Exercise prompt —
When you reach the line that contains "印尼法轮功学员在雅加达中使馆前炼功,抗议迫害" below, transcribe it and each line after it word for word to the end of the records, omitting pictures.

Source data —

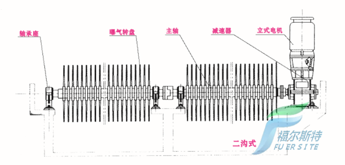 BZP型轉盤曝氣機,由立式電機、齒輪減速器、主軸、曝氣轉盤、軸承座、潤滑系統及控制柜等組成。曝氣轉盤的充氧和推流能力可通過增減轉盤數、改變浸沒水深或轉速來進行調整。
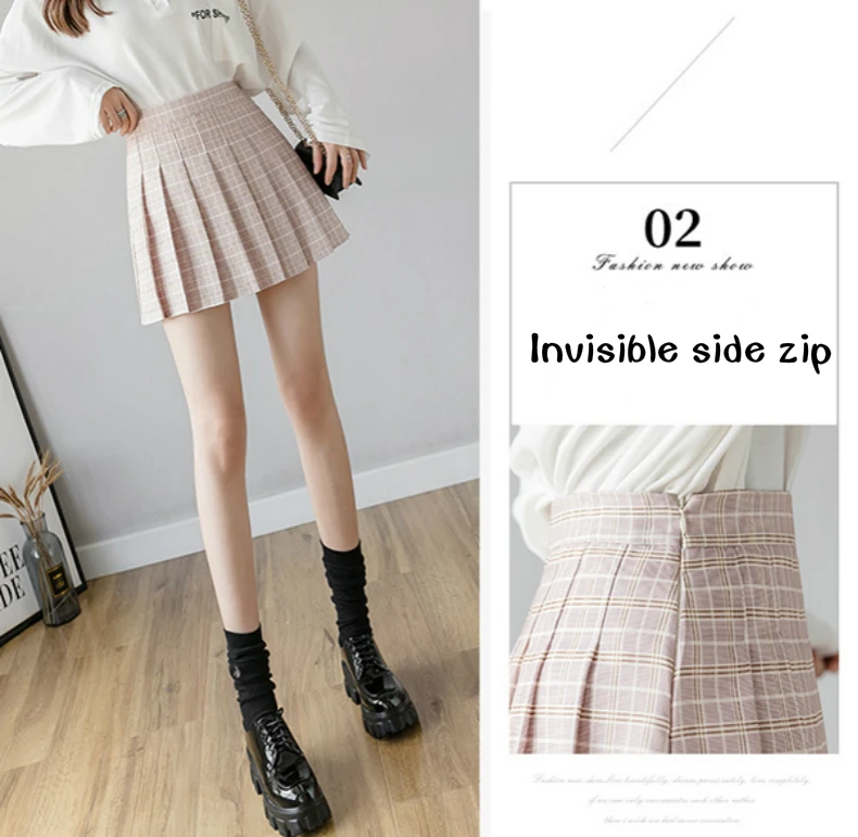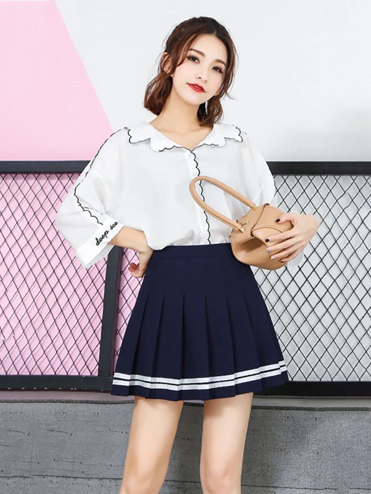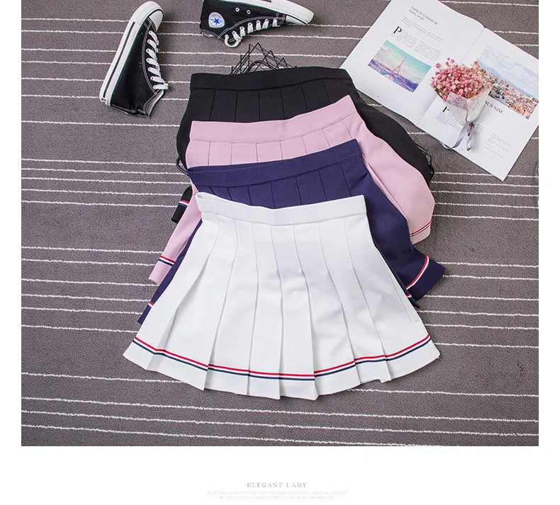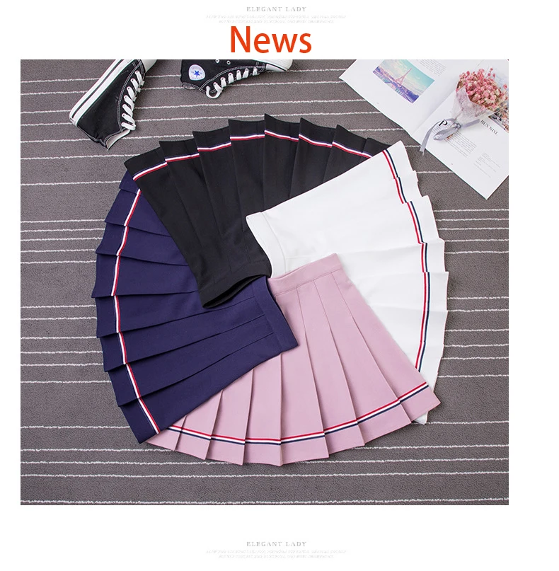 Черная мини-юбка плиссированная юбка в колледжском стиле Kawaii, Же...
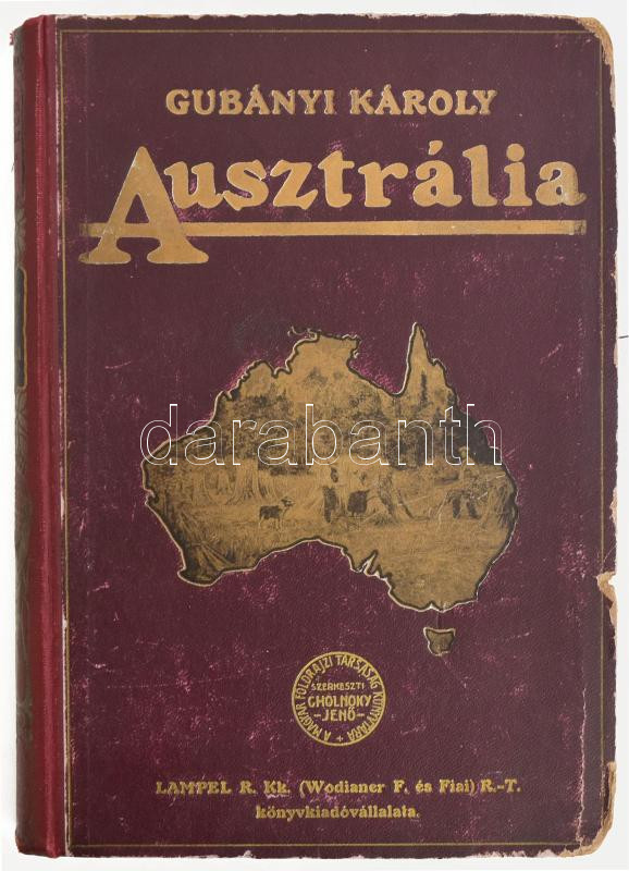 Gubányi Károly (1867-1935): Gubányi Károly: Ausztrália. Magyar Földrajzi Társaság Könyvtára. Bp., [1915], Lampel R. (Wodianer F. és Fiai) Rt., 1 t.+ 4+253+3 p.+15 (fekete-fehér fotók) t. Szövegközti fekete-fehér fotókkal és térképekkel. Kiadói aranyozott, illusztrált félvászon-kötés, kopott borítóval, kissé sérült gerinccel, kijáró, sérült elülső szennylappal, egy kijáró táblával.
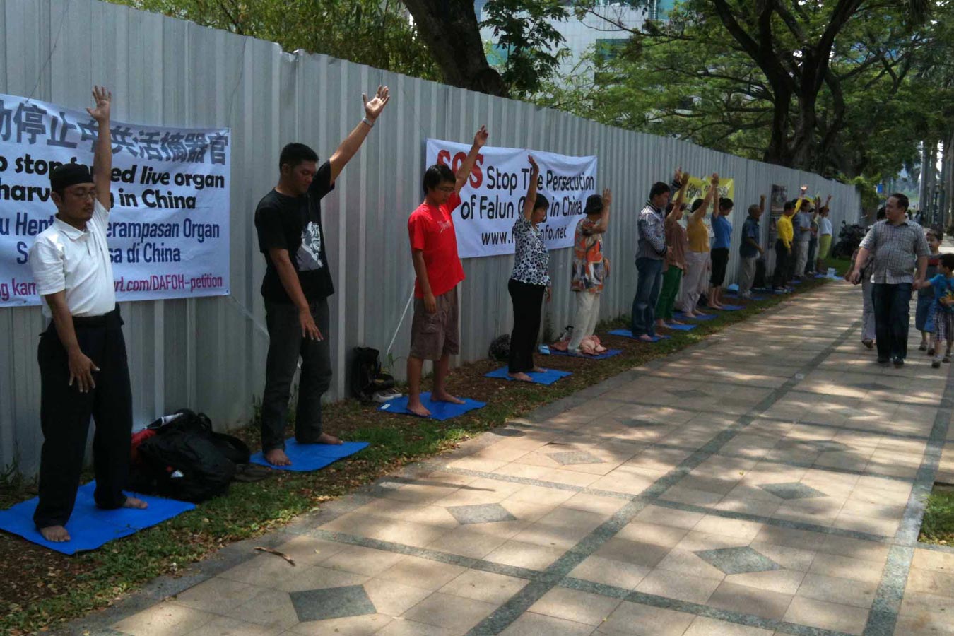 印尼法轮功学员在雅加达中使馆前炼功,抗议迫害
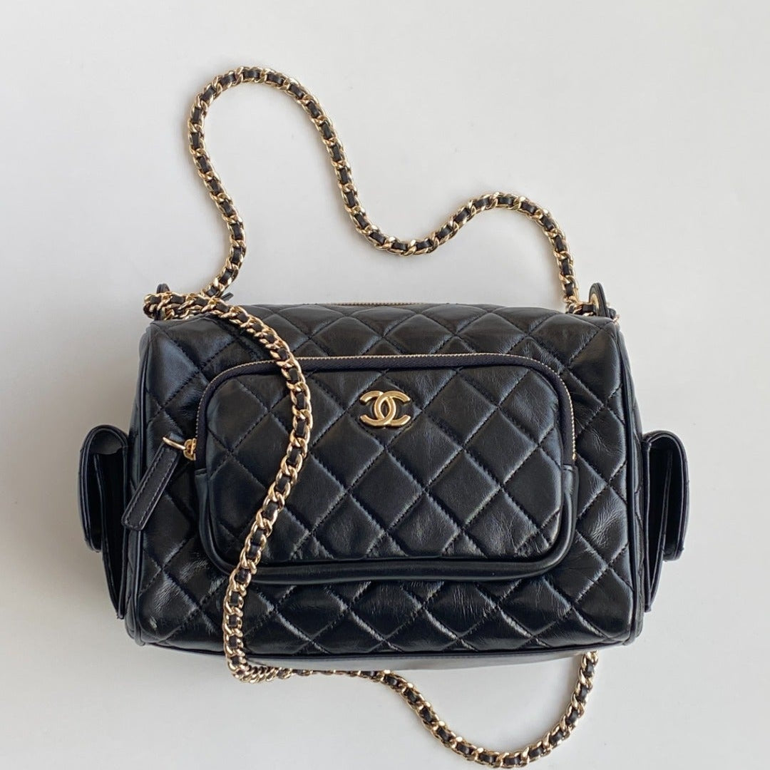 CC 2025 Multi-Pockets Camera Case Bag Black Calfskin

Exercise answer —
 印尼法轮功学员在雅加达中使馆前炼功,抗议迫害
 CC 2025 Multi-Pockets Camera Case Bag Black Calfskin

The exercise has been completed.